Timecode also enables the random access that makes nonlinear editing possible. Because timecode uniquely identifies each frame of footage in your project, you can instantly access any part of your captured material just by typing in its timecode. Instead of slogging through hours of footage to find a 20 second shot, timecode enables you to navigate to the precise location of the shot's first frame. The ability to identify and find a single frame is described as being frame accurate. If you're working with a 12:1 shooting ratio, meaning you shoot 12 minutes of footage for every one minute that winds up in your finished project, you can imagine how much tape you'd have for a two hour film and how much time you save by navigating directly to the frame you want (see the sidebar "All about the ratio" in Chapter 1).

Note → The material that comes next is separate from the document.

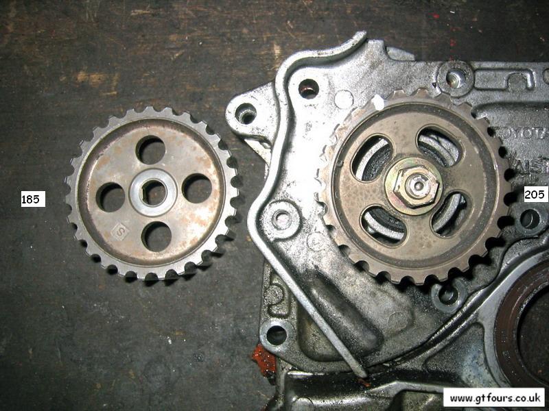 Comparison of a 185 and 205 oil pump sprocket

Timecode information doesn't change. The timecode on footage you record with your camera stays the same when you capture the footage to your computer's hard drive, and still stays the same when you edit the material into a sequence. In addition to making nonlinear editing possible, this consistency enables nondestructive editing. Earlier I described project files as a series of instructions telling an editing application to play particular sections of various media files in a designated order. Timecode is what enables your editing application to identify each section of the media files. No two timecode locations on any tape are alike, and even though two tapes can contain the same timecode, editing applications allow you to name each individual tape to avoid confusion. (Chapter 10 explores techniques to help you mange your footage and prevent problems.)

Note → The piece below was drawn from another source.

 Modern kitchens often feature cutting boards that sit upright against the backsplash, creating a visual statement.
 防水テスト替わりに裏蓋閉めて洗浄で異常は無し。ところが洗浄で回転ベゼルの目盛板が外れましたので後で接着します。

As a result, the project files for your film are essentially a list of the beginning and ending timecode locations of all your shot selections, arranged in the order you specify and updated every time you make changes. Once your project is finished, you can use this timecode information to create an EDL, as described earlier, to create a high-quality broadcast master. An editor who shoots film can also use

timecode information to strike a film print for theatrical release by matching the timecode of material in the master to keycode information on the original negatives. Both processes are described in more detail in Appendix A.

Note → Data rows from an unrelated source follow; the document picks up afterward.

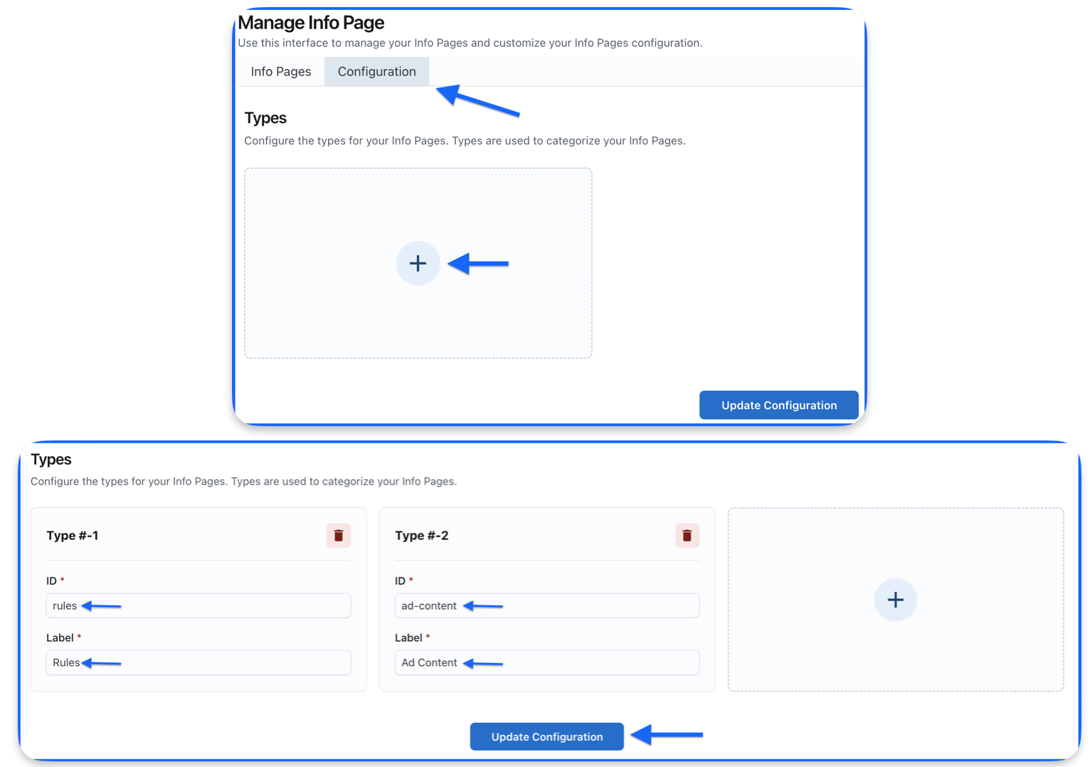 Step 2: Add Your Types: Click the + button to add a new type. Create two types: one with the ID rules and one with the ID ad-content. Click Update Configuration to save.
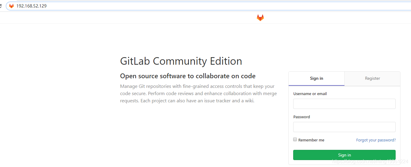访问地址: http://192.168.52.129 访问,(ip需要换成你自己的gitlab服务器地址)
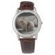 Uhr, Vintage Männeruhr mit schwarzem Lederarmband
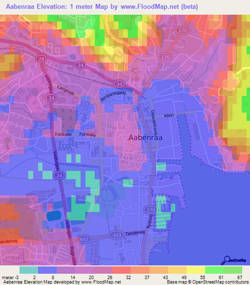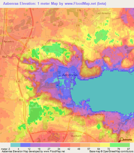 Below is the Elevation map of Aabenraa,Denmark, which displays range of elevation with different colours.

In the past, editing an independent film or video project either meant paying studio rental fees, or working in the middle of the night while somebody you knew wasn't using his editing suite—digital editing systems were simply too expensive for most individuals to purchase. Today, buying the equipment to build your own postproduction studio is not only a possibility but, in many cases, proves more economical than renting. Once you make the initial purchase, the cost-per-use of your editing system lowers each time you sit down to edit. Depending on the number of projects you work on and the payment terms you negotiate with your clients, your digital editing system can even become a revenue source. (If you work the balance correctly, you can not only do what you love, but you can make a living at it—how great is that?) Chapter 10 walks you through the process of configuring your own studio and gets you ready to edit.